Em paralelo com os índices de confiança estruturalmente altos, os portugueses revelam-se como um dos povos mais preocupados com a legitimidade de conteúdos online, com três quartos da amostra nacional a dizer-se preocupada com o que é real e falso na internet. As redes sociais, em geral, e o Facebook, em particular, revelam-se como as fontes que geram maior preocupação aos inquiridos no nosso país, sendo de destacar, num espectro mais abrangente, a desinformação proferida pelo Governo, políticos ou partidos portugueses. A desinformação oriunda de jornalistas ou órgãos de comunicação social preocupa 18,6% dos inquiridos, num quadro em que apenas 7,2% se dizem não preocupados com desinformação vinda de alguma fonte.
O Digital News Report 2020 – Portugal revela ainda que os portugueses acedem frequentemente a notícias ao longo do dia (um quarto dos inquiridos acede a notícias pelo menos 6 vezes por dia), independentemente do formato. São, também, unânimes na preferência de notícias com posicionamento neutro, isto é, que não defendem nenhum ponto de vista específico (57,4%). Não obstante, cerca de um quarto dos inquiridos dizem preferir conteúdos noticiosos que corroboram as suas opiniões pessoais (27,6%).
A televisão continua a ser a principal fonte de notícias para 55,8% dos portugueses, sendo o aumento da centralidade da internet e das redes sociais conseguido, sobretudo, à custa da perda de importância da rádio e da imprensa. Em termos gerais, o acesso a notícias online em Portugal é feito de forma indireta: em 2020, praticamente 8 em cada 10 acessos a notícias digitais é feito de outra forma que não o acesso direto a websites ou apps noticiosas, nomeadamente através de motores de busca (25,9% dos acessos) e redes sociais (25,2%). Entre as formas de acesso indireto destacam-se também as notificações móveis (13,3%) e os agregadores de notícias (6,2%).
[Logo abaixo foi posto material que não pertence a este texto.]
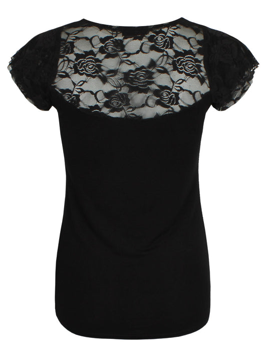 Spiral Gothic Elegance Lace Layered Cap Sleeve Black Top

O smartphone tornou-se, definitivamente, o dispositivo mais utilizado pelos portugueses, em termos de uso geral e para consumo de notícias, quando comparado com computador e tablet. São já 70,4% os portugueses que utilizam o smartphone em geral, face a 55,9% que dizem utilizar computador. Quanto ao pagamento por notícias online, apenas 10,1% dos portugueses o fazem, sendo Portugal um dos países onde menos se paga por notícias neste formato, “uma forte ameaça à sobrevivência do ecossistema noticioso em que os portugueses tanto dizem confiar, e que tanto utilizam de forma tão frequente ao longo do dia”, lê-se no relatório do Reuters Institute e do Observatório da Comunicação.
É caso para perguntar, como fez a jornalista Catarina Carvalho, no título de um artigo de opinião publicado em maio, no Diário de Notícias: “Já pagou pelas suas notícias hoje?”.
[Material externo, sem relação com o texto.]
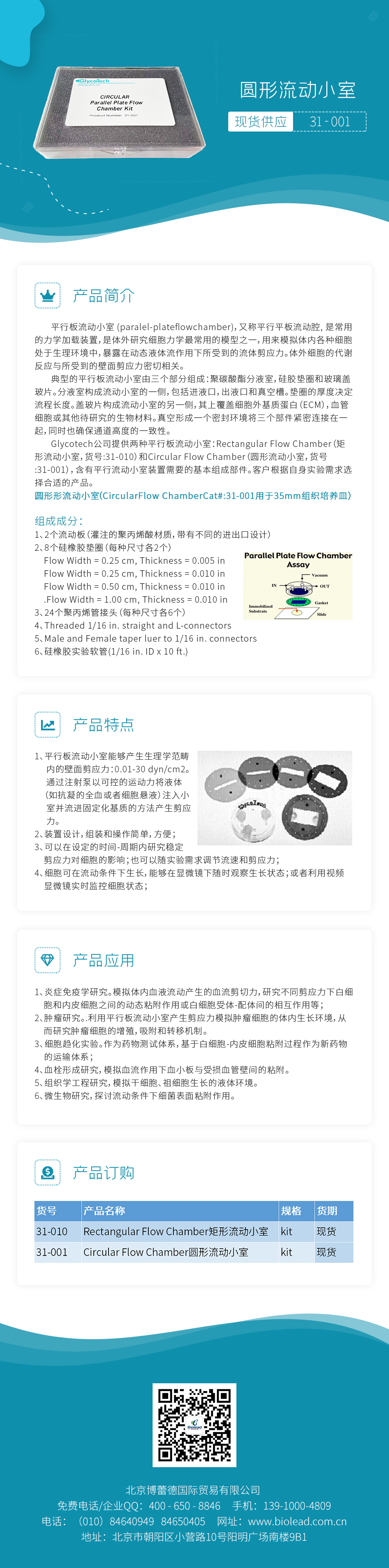 Glycotech公司提供兩種平行板流動(dòng)小室:Rectangular Flow Chamber(矩形流動(dòng)小室,貨號(hào):31-010)和Circular Flow Chamber(圓形流動(dòng)小室,貨號(hào):31-001),含有平行流動(dòng)小室裝置需要的基本組成部件??蛻舾鶕?jù)自身實(shí)驗(yàn)需求選擇合適的產(chǎn)品。

O jornalismo sério e de qualidade, um dos garantes da democracia, do pluralismo e da liberdade, custa dinheiro e exige investimento, seja ele do leitor, do Estado, dos privados, ou de todos. Desde que garanta a viabilidade e sobrevivência de projetos independentes e (mais) livres da influência dos poderes instalados.
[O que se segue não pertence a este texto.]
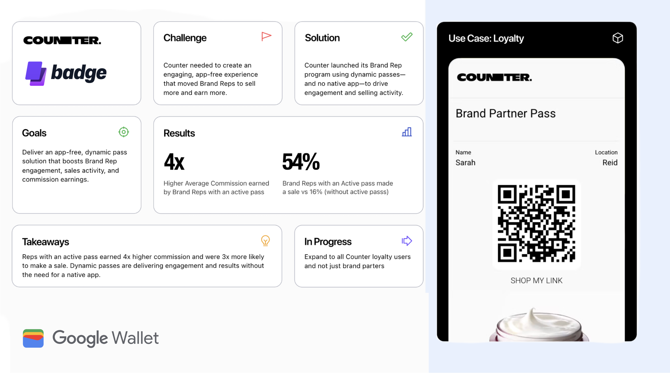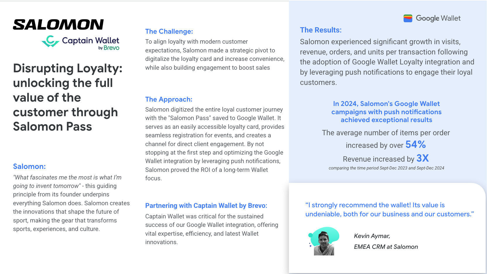 Salomon оцифровал свой «Salomon Pass» для повышения вовлеченности. Благодаря push-уведомлениям Google Wallet бренд добился трёхкратного увеличения выручки и увеличения количества товаров в заказе на 54%.

É preciso pagar e essa é uma escolha que tanto os cidadãos como as sociedades terão que fazer, se querem, como parece que querem, dados os resultados do Digital News Report 2020 – Portugal, um jornalismo de qualidade, que escrutine, explique, decifre, critique, denuncie, fiscalize, verifique e seja aquilo que um dia alguém definiu como quarto poder.